L'ASSEMBLÉE DES ORDRES,
ou COMMENT UN IVROGNE ÉBRANLA UNE DÉMOCRATIE


Ce que l'on découvre sur l'immense porte de l'Assemblée, au matin même de l'ouverture de la séance, c'est une carte, placardée avec d'immenses clous tordus. La foule est stupéfaite, des badauds se lancent dans de grandes tirades scandalisées, et tout le monde parle de l'ivrogne, mort empalé dans une rue du faubourg nord. Ce qu'il y a sur cette carte est un mystère : elle n'a rien à voir avec toutes les représentations du monde réalisées jusqu'à présent.

L'Alliance et le détroit y figurent en tout petit, les terres voisines d'Obrison tout autant, et Ducbourg encore plus loin... Mais il y a d'autres terres. D'autres mers. D'autres montagnes. Un monde entier, dont personne n'avait jamais eu idée.

Mais, peut-on se demander, d'où peut venir une telle idée ?

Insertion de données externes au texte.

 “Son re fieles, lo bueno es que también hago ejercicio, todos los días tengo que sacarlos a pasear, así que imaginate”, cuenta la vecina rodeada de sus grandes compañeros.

Certains sont complètement remontés ; cela n'a pas lieu d'être, le monde ne peut pas être aussi étendu. Et, quoi, d'ailleurs, comment ils ont pu réaliser quelque chose comme ça ? C'est de l'imagination, c'est tout. Oui, mais quand même, pourquoi aller inventer un truc pareil ?

Oui, pourquoi ?

Il faut dire que des questions se posent. A l'extérieur, comme à l'intérieur de l'Assemblée. Dans la grande salle ronde au dôme de verre, le désordre est à son paroxysme. Personne ne s'écoute parler, et le pauvre Médiateur a bien du mal à calmer les Ordres déchaînés.

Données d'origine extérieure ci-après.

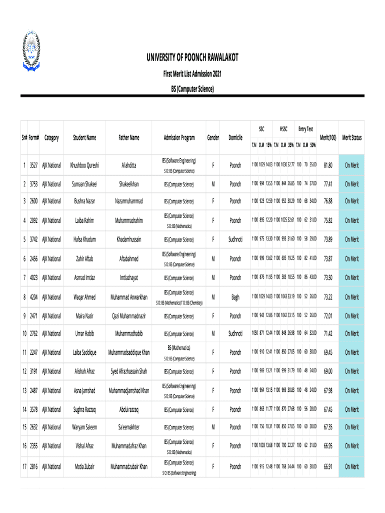 Get the free BS ( Computer Science) 1st Merit List

Sevestre le Borgne, capitaine de la Garde, tonne de sa voix de leader, vocifère sur un jeune page, qui n'a sans doute rien demandé et semble vouloir prendre ses jambes à son cou. Le chef des Corporations et maître des colporteurs, le sieur Tuemouches, est quant à lui, très remonté, réalisant tout un tas de grands gestes indéchiffrables et parlant à une vitesse effroyable, prenant à partie les représentants des corporations mandatés pour l'occasion ; dans le lot, il y a un charpentier, un boulanger, et deux métallurgistes... aucun d'eux ne paraît réellement comprendre l'ampleur de la situation, visiblement perdus devant tant d'engouement pour un simple bout de parchemin. Les mages, quant à eux, rayonnent, et débattent entre eux, sur le ton du conciliabule comme ils savent si bien le faire, et rêvent déjà de leur magie retrouvée, de leur prestige restauré... enfin, la grande Irène Brülevive, de la consœurie des Faiseurs de feu et représentante élue des Guildes, se lève, et rugit :

-Cela suffit !

De son poing serré jaillissent des étincelles, ses cheveux noirs sont parcourus de flammèches, et tout ce petit monde se tait soudain, la fixant avec des moues apeurées. Une telle démonstration de magie à l'état brut est immensément rare, et peut suffire à faire frémir n'importe quel péquin. Le Médiateur, lui aussi bouche-bée, parvient à surmonter sa peur et tente de rassoir son autorité dans un gargouillis étranglé :

-V... veuillez reprendre place, nous allons reprendre la séance.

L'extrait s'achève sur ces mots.